According to the third aspect of the present invention, in the gas turbine according to the first and second aspects, the upstream thermally insulating ring has a first member positioned relatively upstream in the direction of the flow of the combustion gas and a second member positioned on the downstream side with respect to the first member, and with respect to the downstream blade ring, the first member is installed in a state wherein the second member is interposed between the first member and the downstream blade ring.

In the gas turbine according to the third aspect, when maintaining the upstream thermally insulating rings in the gas turbine, it is possible to carry out simultaneously the removal of the second member and the separation of the first member from the second member by simply removing the first member from the downstream blade ring.

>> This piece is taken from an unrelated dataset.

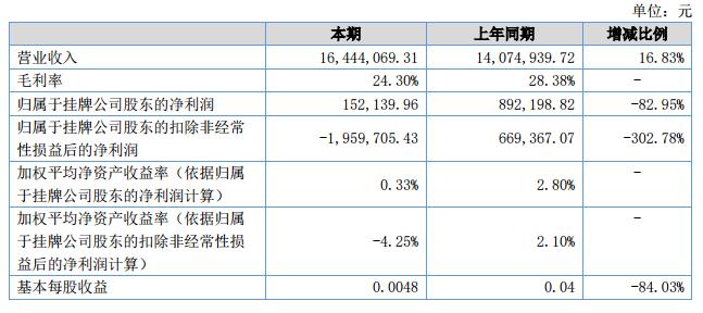 報(bào)告期內(nèi),公司實(shí)現(xiàn)營(yíng)業(yè)收入16,444,069.31元,同比增長(zhǎng)16.83%,實(shí)現(xiàn)凈利潤(rùn)152,139.96元(扣除非經(jīng)常性損益后的凈利潤(rùn)為-1,959,705.43元),凈利潤(rùn)下降主要原因:1)毛利率下降:公司毛利率下降至24.30%,主要由于公司國(guó)外出口額下降,國(guó)內(nèi)銷售穩(wěn)步增長(zhǎng),但國(guó)內(nèi)銷售產(chǎn)品毛利率低于國(guó)外銷售毛利率,從而導(dǎo)致公司整體毛利率下降。2)費(fèi)用上升:公司銷售費(fèi)用同比上升108.69%,主要由于公司為擴(kuò)展國(guó)內(nèi)市場(chǎng),從2017年下半年開始增加銷售人員、增加廣告投入導(dǎo)致;研發(fā)費(fèi)用同比上升142.67%,主要由于公司增加了“一種家用或小型商用變頻調(diào)速自動(dòng)恒溫?zé)岜霉┡瘷C(jī)組”、“一種低環(huán)境溫度熱泵集中供暖系統(tǒng)”等項(xiàng)目的研發(fā)投入。?

According to the fourth aspect of the present invention, in the gas turbine according to the third aspect, the other member is interposed between the first member and the second member.

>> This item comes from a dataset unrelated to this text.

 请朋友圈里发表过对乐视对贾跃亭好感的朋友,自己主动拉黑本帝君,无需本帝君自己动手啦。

In the gas turbine according to the fourth aspect, when maintaining the upstream thermally insulating rings of the gas turbine, it is possible to carry out simultaneously the removal of the second member and the separation of the first member from the second member by simply removing the first member from the downstream blade ring. Here, an impingement plate, for example, can be used as the aforementioned another member.

According to the fifth aspect of the present invention, in the gas turbine according to the fourth aspect, the other member can be integrally formed with either the first member or the second member.

The gas turbine according to the fifth aspect, the number of parts can be decreased, and thus the manufacturing cost can be reduced. In addition, the number of assembly steps can be reduced.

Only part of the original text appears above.